LinearRegression suffers from multicollinearity (when columns are correlated with each other), and variance explosions from outliers. Consider using Ridge to fix the multicollinearity problem, and consider maybe first DBSCAN to remove the outliers, or statistical analysis to filter possible outliers.

Applications of LinearRegression

LinearRegression is used in regression tasks where one wants to predict say sales or house prices. It is also used in extrapolation or time series tasks, dynamic systems modelling and many other machine learning tasks. This model should be first tried if the machine learning problem is a regression task (predicting a continuous variable).

For additional information, see scikit-learn’s documentation for sklearn.linear_model.LinearRegression.

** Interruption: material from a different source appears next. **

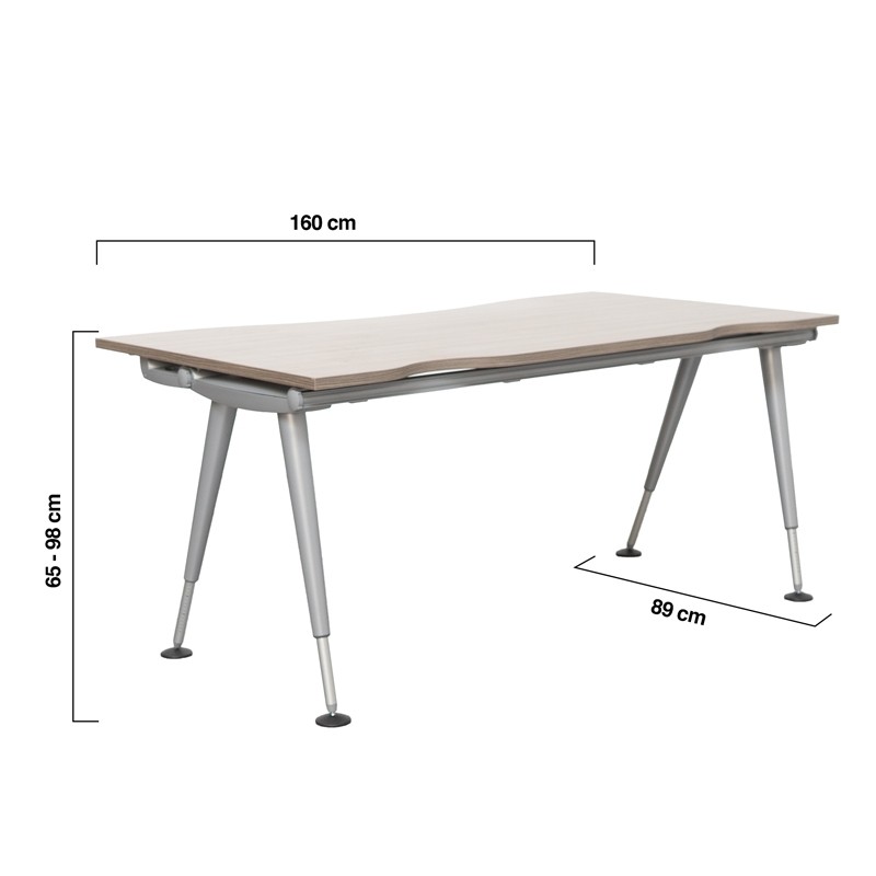 Esta mesa de oficina combina diseño funcional y materiales resistentes para adaptarse a cualquier espacio de trabajo. Con unas dimensiones totales de 160 cm de ancho, 89 cm de fondo y 74 cm de alto, ofrece una superficie amplia y cómoda para el día a día.

For an additional example see the OLS notebook.

Examples

>>> import cupy as cp
>>> from cuml.linear_model import LinearRegression
>>> X = cp.array([[1, 1], [1, 2], [2, 2], [2, 3]], dtype=cp.float32)
>>> y = cp.array([6.0, 8.0, 9.0, 11.0], dtype=cp.float32)
>>> model = LinearRegression().fit(X, y)

>>> X_test = cp.array([[3, 5], [2, 5]], dtype=cp.float32)
>>> model.predict(X_test)
array([16.      , 14.999999], dtype=float32)

fit(self, X, y, sample_weight=None, *, convert_dtype=True) → 'LinearRegression'

Fit the model with X and y.

Parameters:

Xarray-like (device or host) shape = (n_samples, n_features)

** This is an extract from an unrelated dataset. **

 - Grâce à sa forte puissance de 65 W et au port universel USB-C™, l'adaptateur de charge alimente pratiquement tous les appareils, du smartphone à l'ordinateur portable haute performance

Dense matrix. If datatype is other than floats or doubles, then the data will be converted to float which increases memory utilization. Set the parameter convert_dtype to False to avoid this, then the method will throw an error instead. Acceptable formats: CUDA array interface compliant objects like CuPy, cuDF DataFrame/Series, NumPy ndarray and Pandas DataFrame/Series.

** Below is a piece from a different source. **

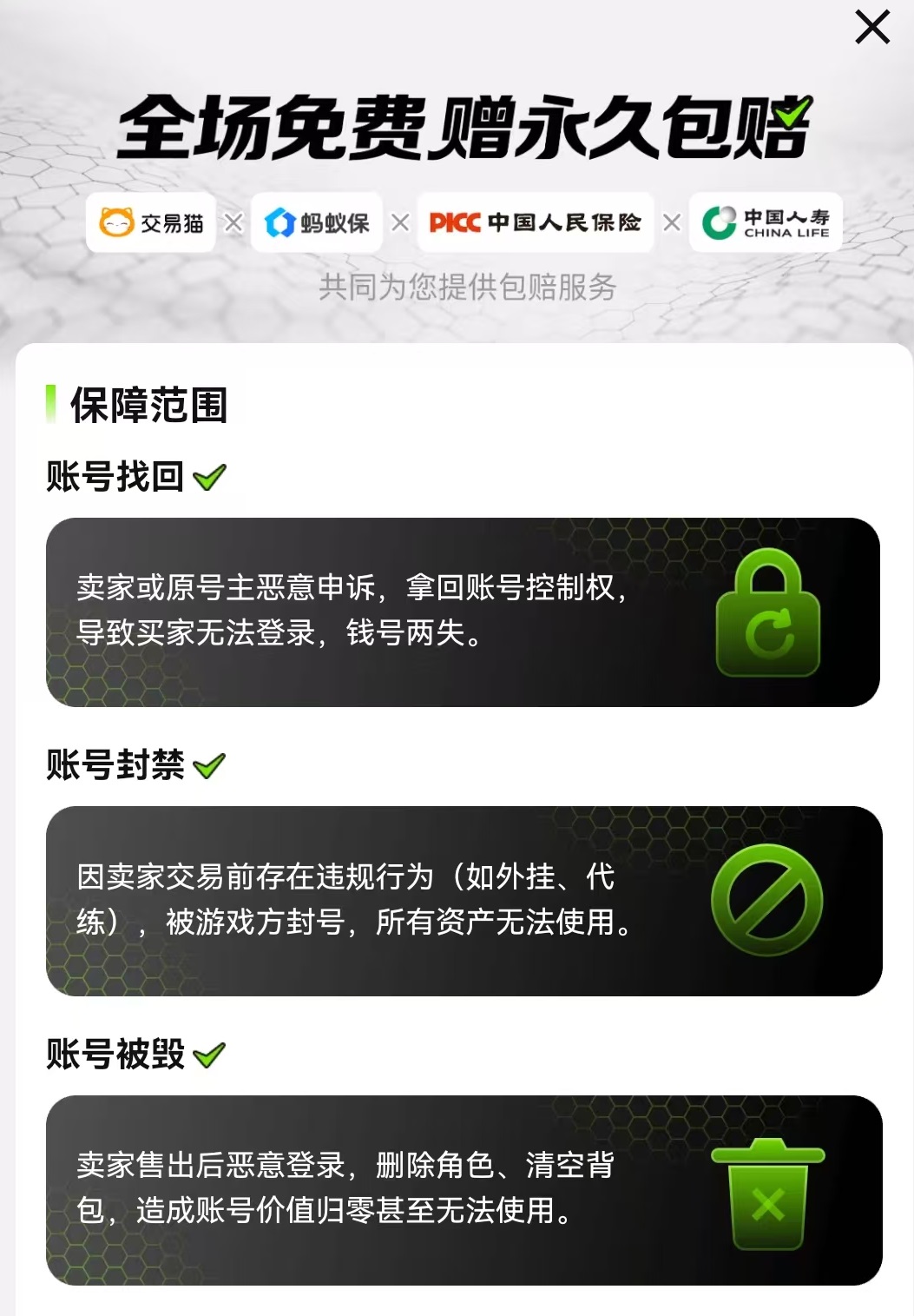 安全方面现在已经做到了成品号全覆盖永久包赔,这次直接赠送的服务,只要账号被找回或者是封号毁号等,都能获得一定比例的赔付。有些是属于全额包赔,能够进行全额赔付。在账号出售的时候,可直接进行官方验号,这样商品会直接提供验号报告,上架非常简单。凡是带验号报告的商品都是值得信赖的,这样的号在购买之后就无需再进行检验,发货速度会更快。对于交易双方来说都是非常有保障的服务,因为这样就不用担心验号泄露自己的隐私,也不用担心出现虚假宣传的问题。

yarray-like (device or host) shape = (n_samples, 1)

Dense matrix. If datatype is other than floats or doubles, then the data will be converted to float which increases memory utilization. Set the parameter convert_dtype to False to avoid this, then the method will throw an error instead. Acceptable formats: CUDA array interface compliant objects like CuPy, cuDF DataFrame/Series, NumPy ndarray and Pandas DataFrame/Series.

sample_weightarray-like (device or host) shape = (n_samples,), default=None

The weights for each observation in X. If None, all observations are assigned equal weight. Acceptable dense formats: CUDA array interface compliant objects like CuPy, cuDF DataFrame/Series, NumPy ndarray and Pandas DataFrame/Series.

convert_dtypebool, optional (default = True)

When set to True, the train method will, when necessary, convert y to be the same data type as X if they differ. This will increase memory used for the method.